RECORDED DATA START

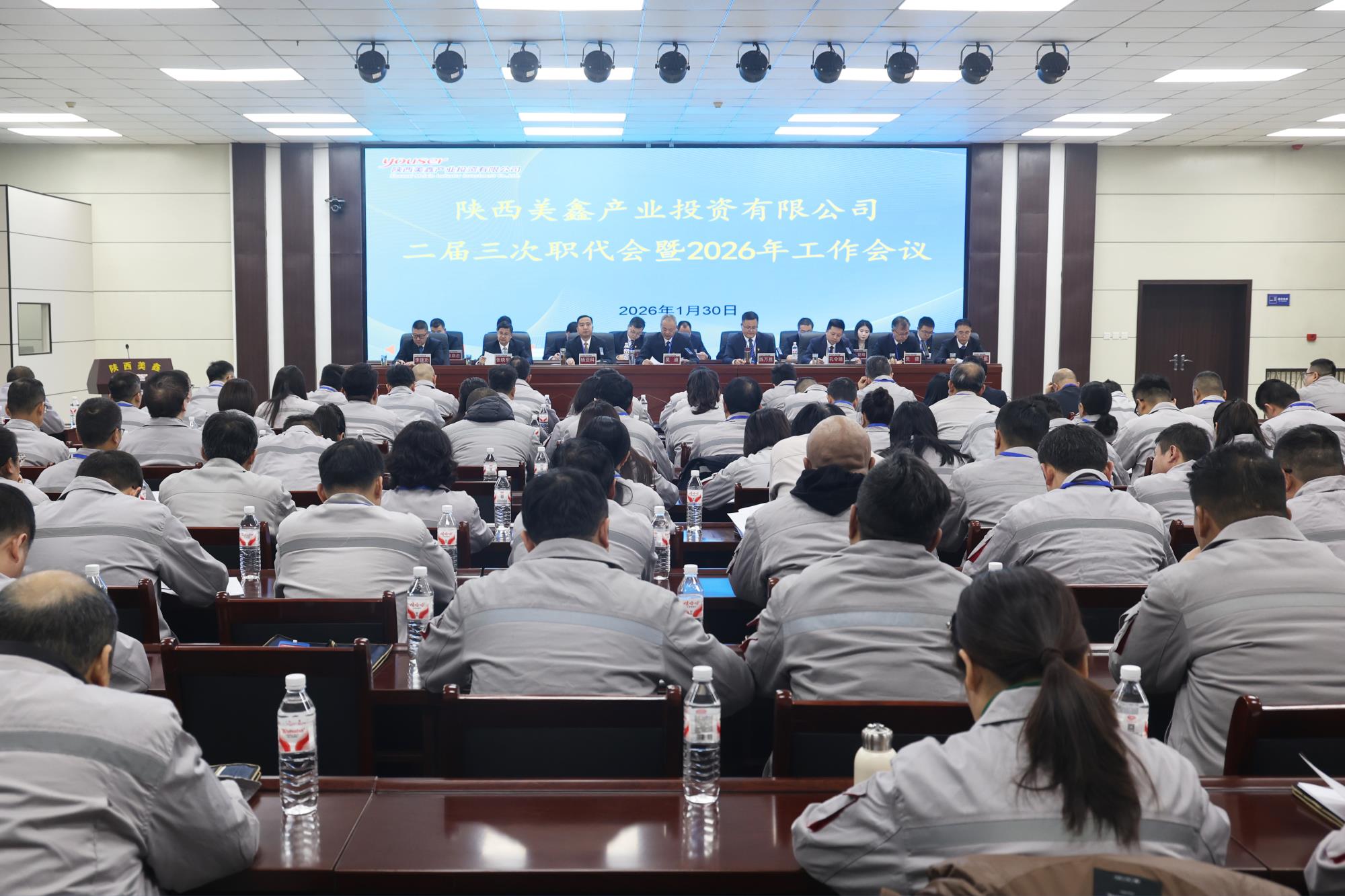 1月30日,美鑫公司二届三次职代会暨2026年工作会议在铜川召开。会议深入学习贯彻党的二十大、二十届四中全会及中央经济工作会议精神,认真落实陕西有色金属集团三届四次职代会暨2026年工作会议部署,全面总结2025年及“十四五”工作,分析研判发展形势,安排部署2026年重点任务。美鑫公司党委书记、董事长吴迪出席会议并讲话,党委副书记、董事、总经理、总工程师陈万胜作工作报告。党委副书记、董事、工会主席杨亚科主持会议。
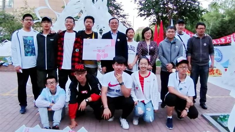 6月2日,在哈尔滨工业大学举行的第十届哈尔滨工业大学建造节,暨2019“百年芳华”塑料中空板建筑设计与建造竞赛中,由我校高一学年11名同学组成的代表队所创作的作品,G06组《龙脊》在高中组九支参赛作品中力拔头筹,荣获了唯一的一等奖。指导教师陈醉老师获得优秀指导教师奖。 我们的“龙脊”
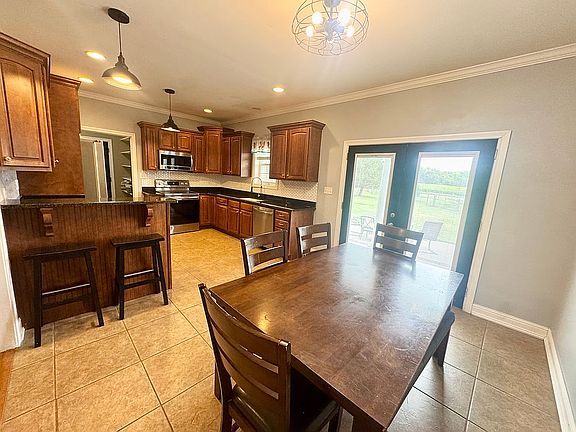 If you’re looking for a little slice of peace among the hectic world, this home is for you. Only a short commute to Clarksville TN, Fort Campbell and Hopkinsville KY, this property spans 2.49 acres and offers a spacious 5 bedroom, 2 bath home with an attached large insulated garage. The kitchen has been recently remodeled with granite countertops, new backsplash, under mount sink and new faucet. This house has had numerous upgrades including a new roof, new siding, and a new HVAC system completed in 2022. The upstairs spacious bonus room isn’t included as a bedroom, but has great possibilities for family space. House includes an on-demand hot water heater, and high-speed fiber optic internet is also available. The covered wrap around front porch, and covered back porch with patio, creates an inviting space to spend watching the amazing sunsets here. This leveled property also includes two detached storage sheds, painted to match the rest of the out buildings.

RECORDED DATA END

- _YOUR INSTRUCTIONS_
Please return only the lines from the top of the data through the line with "6月2日,在哈尔滨工业大学举", exactly as written, and drop every picture.

- _RESPONSE AREA_
 1月30日,美鑫公司二届三次职代会暨2026年工作会议在铜川召开。会议深入学习贯彻党的二十大、二十届四中全会及中央经济工作会议精神,认真落实陕西有色金属集团三届四次职代会暨2026年工作会议部署,全面总结2025年及“十四五”工作,分析研判发展形势,安排部署2026年重点任务。美鑫公司党委书记、董事长吴迪出席会议并讲话,党委副书记、董事、总经理、总工程师陈万胜作工作报告。党委副书记、董事、工会主席杨亚科主持会议。
 6月2日,在哈尔滨工业大学举行的第十届哈尔滨工业大学建造节,暨2019“百年芳华”塑料中空板建筑设计与建造竞赛中,由我校高一学年11名同学组成的代表队所创作的作品,G06组《龙脊》在高中组九支参赛作品中力拔头筹,荣获了唯一的一等奖。指导教师陈醉老师获得优秀指导教师奖。 我们的“龙脊”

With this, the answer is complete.